Sebetha Lee Jenkins became the 10th president of Jarvis Christian College in 1991, and the first woman to hold that position.

===2010s===
In May 2017, it was announced that Jarvis Christian College will open a satellite campus in Dallas at the Redbird Mall beginning August 2017. Courses available are in criminal justice, business management, religion, data analytics, and cybersecurity.

===2020s===
During the 2022–2023 academic year, Jarvis Christian College was renamed Jarvis Christian University with the unveiling of the new signage and logos on May 6, 2022, the day before the first graduating class of Jarvis Christian University received the first-ever diplomas with the school's new name. Jarvis was approved to begin offering graduate degrees. The Jarvis Board of Trustees approved the name change, the rebranding as JCU began. The first JCU graduate programs are an MBA and a Master of Science in Criminal Justice, both programs are set to begin classes online in January 2023.

==Athletics==
The Jarvis Christian athletic teams are called the Bulldogs. The institution is a member of the National Association of Intercollegiate Athletics (NAIA), primarily competing in the Red River Athletic Conference (RRAC) since the 1998–99 academic year.

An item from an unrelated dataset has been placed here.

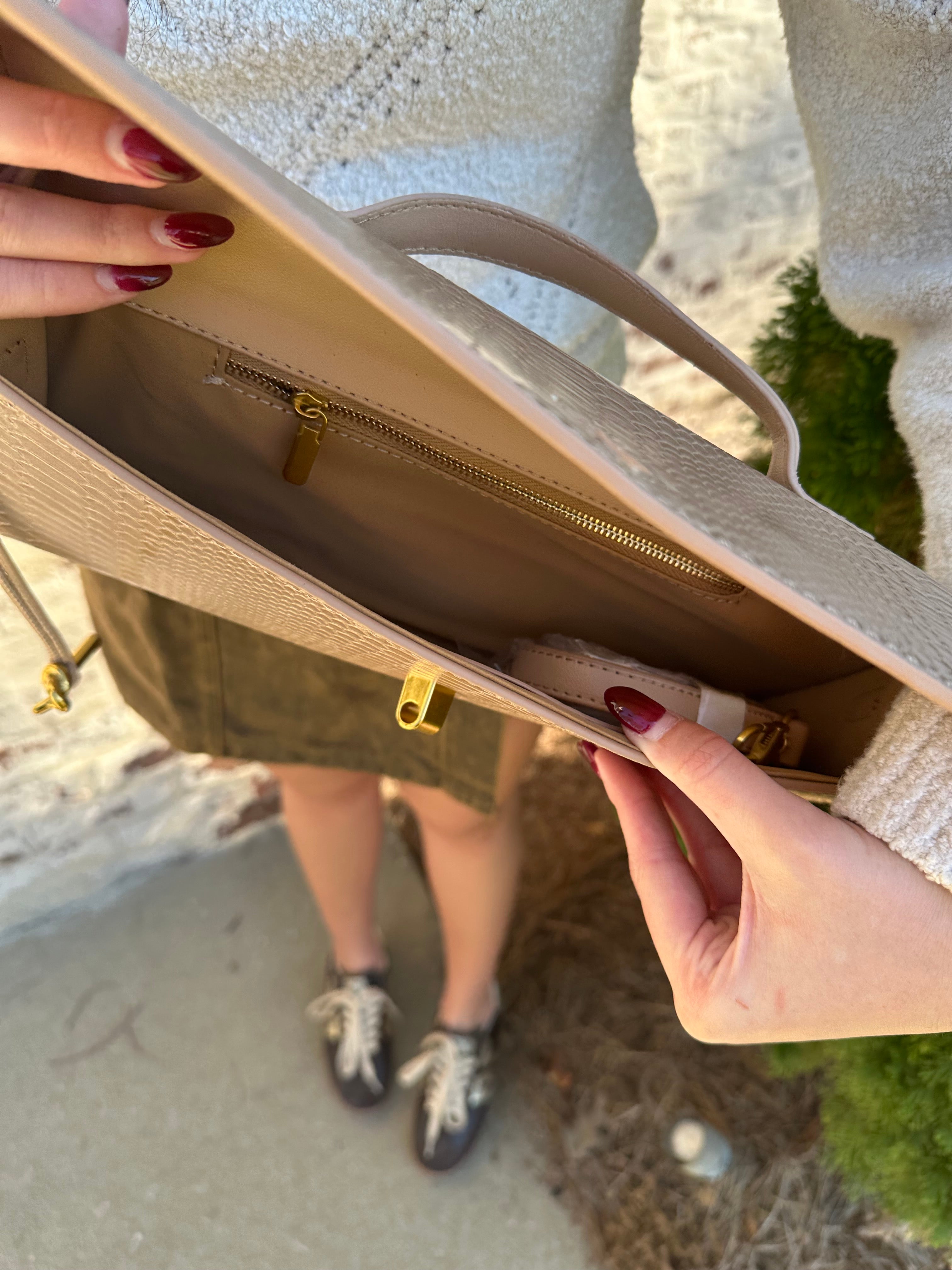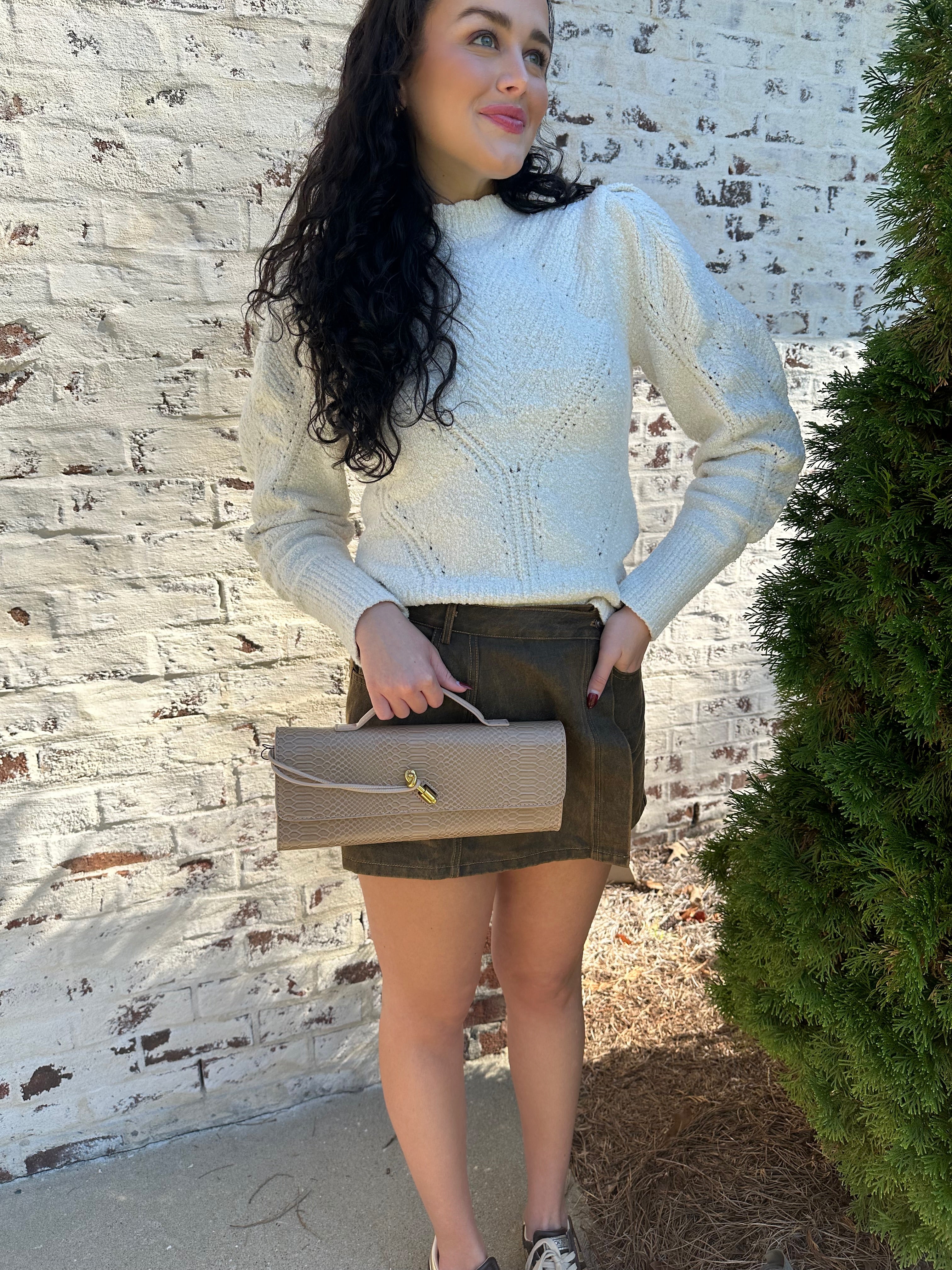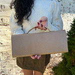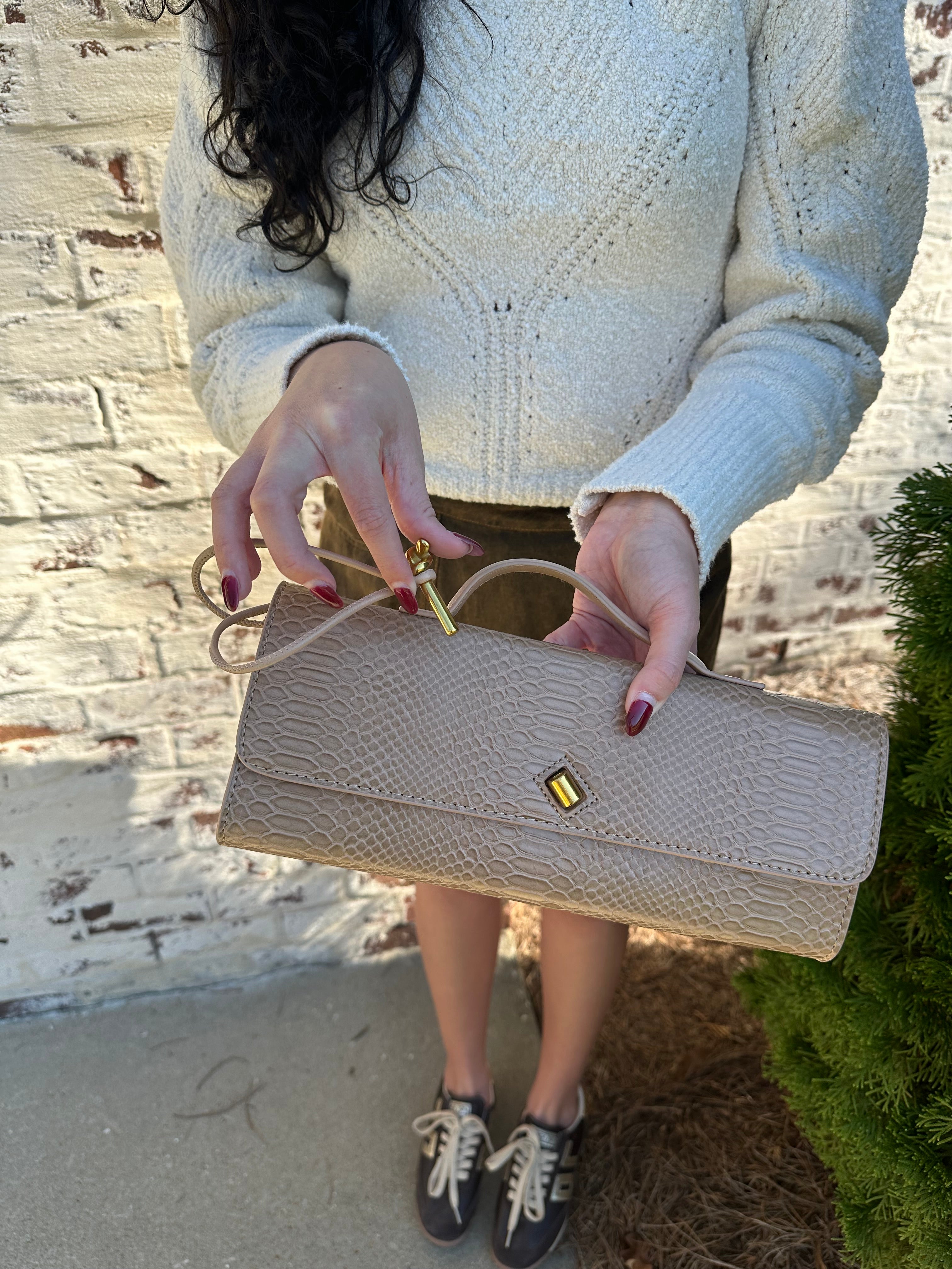 Make a statement with the Andi Crocodile Long Clutch in Beige. Featuring a rich crocodile texture and a sleek silhouette, this clutch offers both elegance and practicality. Designed with an optional strap, it can be carried as a graceful hand clutch or worn for hands-free convenience. Its roomy interior is perfect for keeping your essentials organized, making it an ideal accessory for any occasion where style meets function.

Jarvis Christian competes in 15 intercollegiate varsity sports: Men's sports include baseball, basketball, bowling, cross country, golf, soccer, track and field (outdoor) and wrestling; while women's sports include basketball, bowling, cross country, golf, soccer, softball, track & field (outdoor), volleyball and wrestling. The following sports will be added, effective in the 2022–23 school year: men's & women's wrestling, and co-ed competitive cheerleading called the "J Squad".

===Football===
Jarvis Christian had a college football team which competed from the 1910s until being discontinued in 1964. Notable coaches of the team included Ace Mumford (1924–1926) and Louis Crews (1957–1959).

===Accomplishments===
Jarvis Christian has appeared in the NAIA Men's Division I Basketball Tournament three times: 2003, 2008, and 2009. Jarvis women's track & field team won the RRAC conference championship for track & field in 2021.

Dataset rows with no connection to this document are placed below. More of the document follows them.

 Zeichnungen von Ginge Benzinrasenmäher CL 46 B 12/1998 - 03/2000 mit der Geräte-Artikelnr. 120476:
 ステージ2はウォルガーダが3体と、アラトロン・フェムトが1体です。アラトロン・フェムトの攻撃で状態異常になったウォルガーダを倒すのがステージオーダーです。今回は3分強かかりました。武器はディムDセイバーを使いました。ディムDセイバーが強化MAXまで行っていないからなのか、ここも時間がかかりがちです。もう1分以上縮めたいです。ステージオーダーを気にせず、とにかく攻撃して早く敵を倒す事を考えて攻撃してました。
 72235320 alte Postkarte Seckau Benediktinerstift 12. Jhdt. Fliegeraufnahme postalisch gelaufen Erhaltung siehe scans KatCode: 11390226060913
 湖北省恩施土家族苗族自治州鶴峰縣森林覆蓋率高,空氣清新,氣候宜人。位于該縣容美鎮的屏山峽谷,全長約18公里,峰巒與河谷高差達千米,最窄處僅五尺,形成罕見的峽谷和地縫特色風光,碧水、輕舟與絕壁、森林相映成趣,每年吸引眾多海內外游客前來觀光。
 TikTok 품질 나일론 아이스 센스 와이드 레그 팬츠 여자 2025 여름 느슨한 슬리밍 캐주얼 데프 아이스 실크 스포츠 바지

==East Texas Natural History Collection==
Jarvis houses a regional collection of biological specimens in its 10,000 square foot Frost Hall. The collections are concentrated on the herbarium and entomology collections, but also houses minor holdings in other natural history areas of study and historical materials that are related to natural history or land use history.

==Notable people==
- Shirley J. Allen (born 1941), Jarvis alumna who became the first black and deaf woman to earn a doctorate
- Christine Benton Cash (1889–1988), one of the first Black women in Texas to hold a doctorate, education reformer, taught at Jarvis from 1958 to 1965, chaired the divisions of social sciences and teacher education
- "Ace" Mumford (1898 –1962) an American football coach, head coach at Jarvis from 1924 to 1926, head football coach at historically black colleges and universities in Texas and Louisiana from 1924 to 1961, inducted into at least eight halls of fame for his coaching accomplishments.
- David "Fathead" Newman (1933–2009), jazz and rhythm-and-blues saxophonist best known for his work with Ray Charles. Attended for three years before leaving to play professionally.
- Roena Muckelroy Savage (1904–1991), American concert soprano, musical theater director, playwright, associate professor of voice and chair of the humanities department.
- W. Sherman Savage (1890–1981), an American historian, first black graduate of University of Oregon, author of Blacks in the West, professor and chair of the department of history and social sciences from 1960 to 1970.
- Olujimi Brown, Jarvis alumnus, Atlanta pastor, author, 2026 candidate for governor of Georgia.